▶ [Task requirements]: Extract, in full, the lines below, beginning at the first and ending with the line that contains "Leaflet from Gino". Pictures do not belong in the copy.
⟨
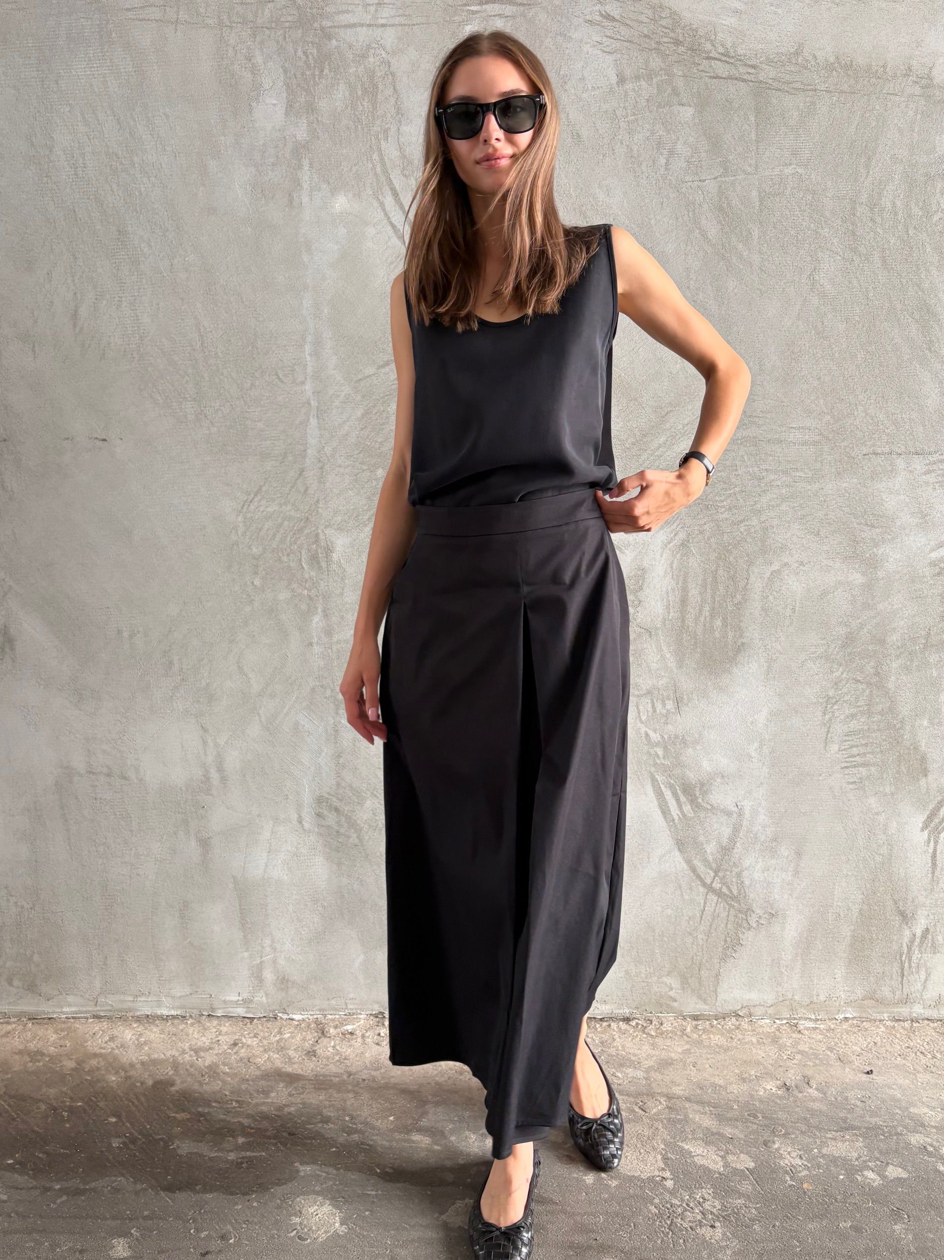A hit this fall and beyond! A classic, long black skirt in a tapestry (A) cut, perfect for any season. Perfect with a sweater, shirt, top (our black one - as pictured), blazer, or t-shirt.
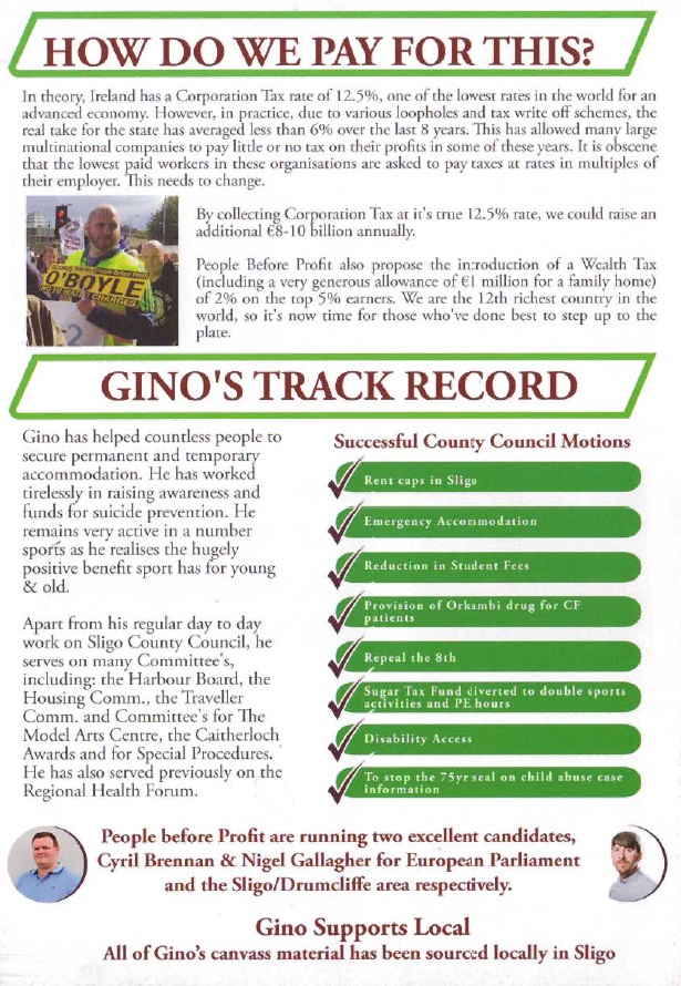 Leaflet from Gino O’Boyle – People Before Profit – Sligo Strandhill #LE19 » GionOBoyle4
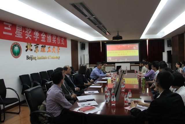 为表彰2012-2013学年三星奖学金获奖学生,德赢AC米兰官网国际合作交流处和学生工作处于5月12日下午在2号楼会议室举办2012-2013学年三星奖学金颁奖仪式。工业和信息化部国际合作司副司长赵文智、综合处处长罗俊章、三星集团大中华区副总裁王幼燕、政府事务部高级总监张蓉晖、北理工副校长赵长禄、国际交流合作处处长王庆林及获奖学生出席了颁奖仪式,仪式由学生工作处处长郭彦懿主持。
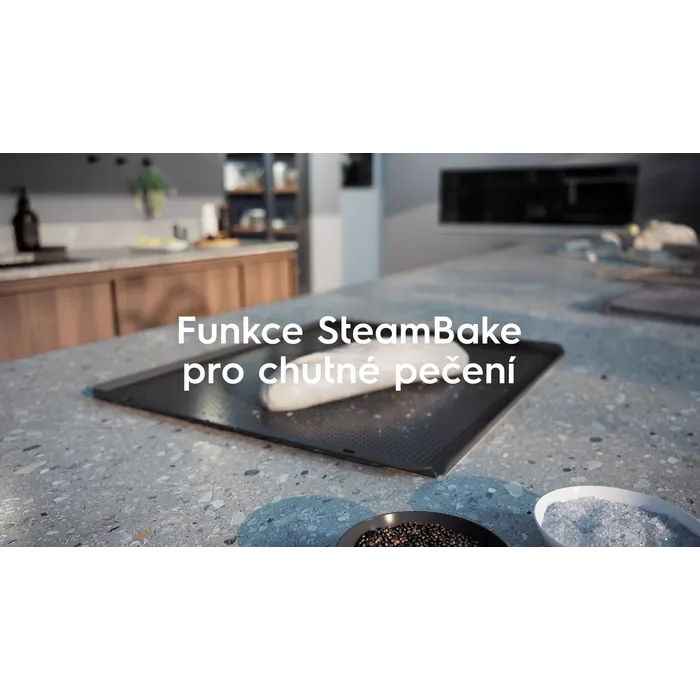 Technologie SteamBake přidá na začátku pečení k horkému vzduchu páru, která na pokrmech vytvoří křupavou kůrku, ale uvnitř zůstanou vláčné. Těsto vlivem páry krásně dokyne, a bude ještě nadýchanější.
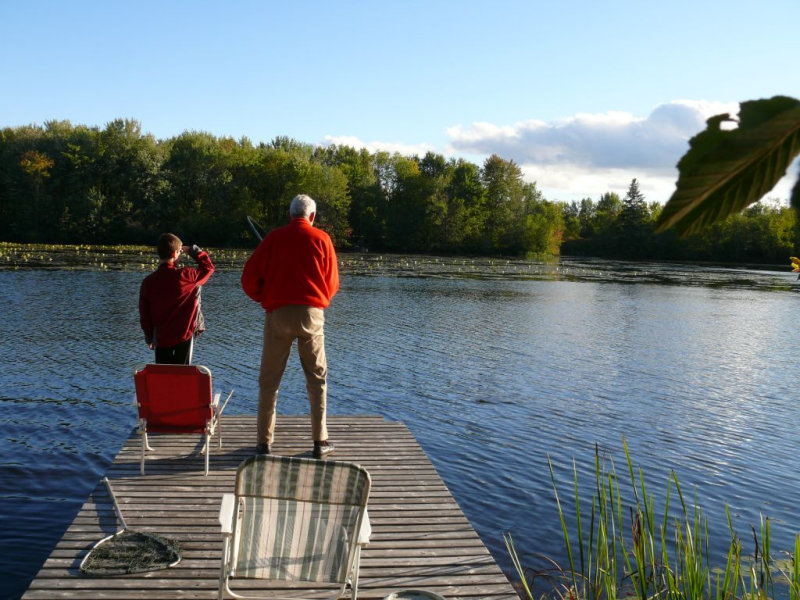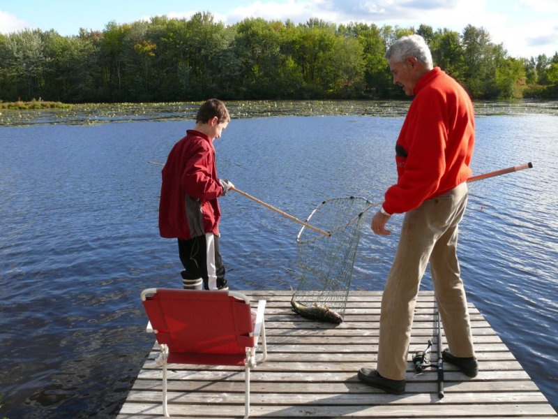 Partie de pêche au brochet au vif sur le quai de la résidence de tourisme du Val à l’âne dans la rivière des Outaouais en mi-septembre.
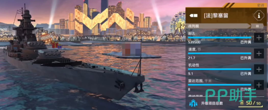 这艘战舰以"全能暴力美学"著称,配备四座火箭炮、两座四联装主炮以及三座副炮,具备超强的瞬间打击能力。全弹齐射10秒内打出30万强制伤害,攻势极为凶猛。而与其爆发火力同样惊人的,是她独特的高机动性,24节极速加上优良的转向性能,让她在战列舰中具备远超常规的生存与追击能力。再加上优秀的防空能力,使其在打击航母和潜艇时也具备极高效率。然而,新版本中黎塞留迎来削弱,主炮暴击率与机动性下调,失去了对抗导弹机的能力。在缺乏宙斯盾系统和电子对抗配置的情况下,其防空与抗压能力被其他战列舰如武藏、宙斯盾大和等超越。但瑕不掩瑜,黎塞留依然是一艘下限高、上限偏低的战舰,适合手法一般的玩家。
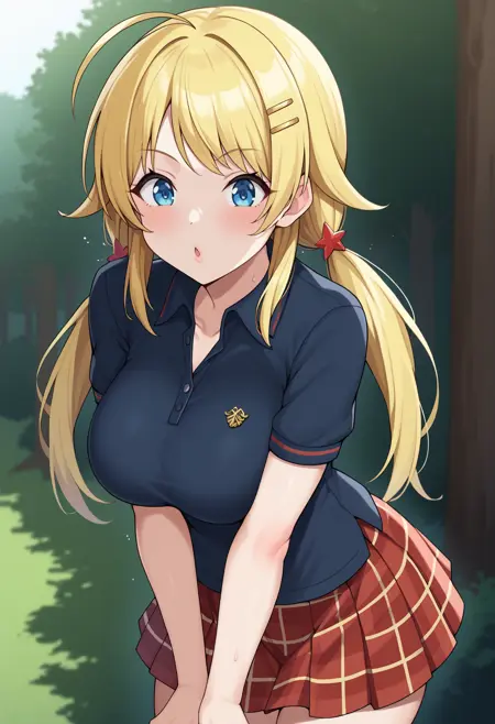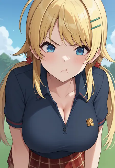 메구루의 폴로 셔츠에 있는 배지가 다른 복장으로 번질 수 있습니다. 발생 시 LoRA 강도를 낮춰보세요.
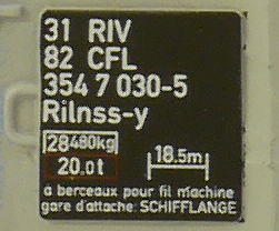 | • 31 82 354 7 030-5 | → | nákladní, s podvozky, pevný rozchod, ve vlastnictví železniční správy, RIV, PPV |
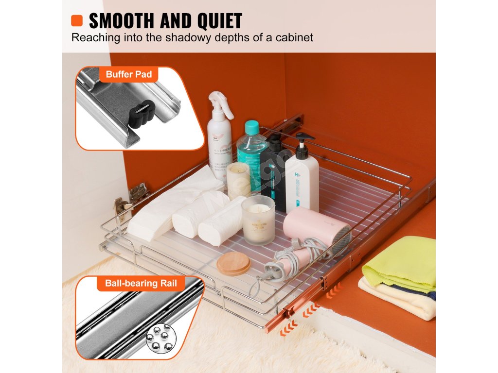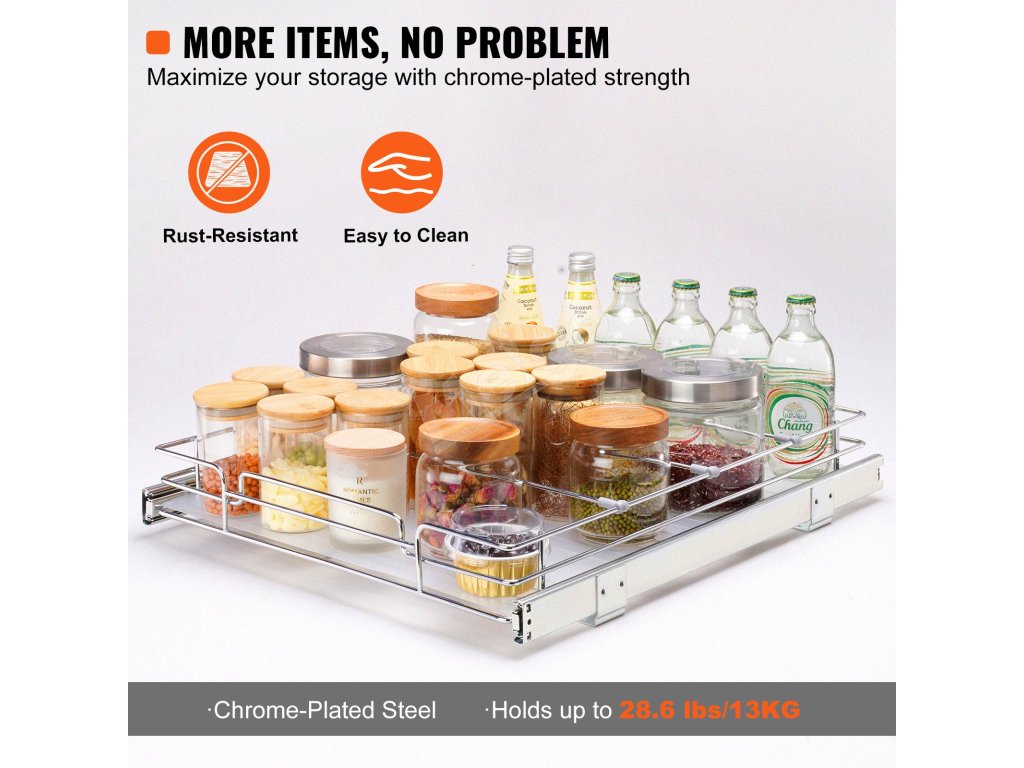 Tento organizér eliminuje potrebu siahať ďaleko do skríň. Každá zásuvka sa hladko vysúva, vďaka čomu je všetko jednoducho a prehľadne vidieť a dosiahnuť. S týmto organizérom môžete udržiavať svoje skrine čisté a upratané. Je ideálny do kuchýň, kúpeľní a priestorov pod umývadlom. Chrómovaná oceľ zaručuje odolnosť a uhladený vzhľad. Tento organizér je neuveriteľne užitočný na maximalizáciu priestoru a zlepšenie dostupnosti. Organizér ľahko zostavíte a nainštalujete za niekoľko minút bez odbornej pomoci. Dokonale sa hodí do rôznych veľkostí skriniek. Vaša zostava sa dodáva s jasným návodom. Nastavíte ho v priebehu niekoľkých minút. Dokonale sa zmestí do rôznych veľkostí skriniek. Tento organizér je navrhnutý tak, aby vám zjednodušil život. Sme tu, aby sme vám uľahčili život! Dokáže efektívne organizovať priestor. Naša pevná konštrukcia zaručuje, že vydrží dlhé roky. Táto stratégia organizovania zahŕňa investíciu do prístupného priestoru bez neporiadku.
⟩
▶ [Answer to this task]:
A hit this fall and beyond! A classic, long black skirt in a tapestry (A) cut, perfect for any season. Perfect with a sweater, shirt, top (our black one - as pictured), blazer, or t-shirt.
 Leaflet from Gino O’Boyle – People Before Profit – Sligo Strandhill #LE19 » GionOBoyle4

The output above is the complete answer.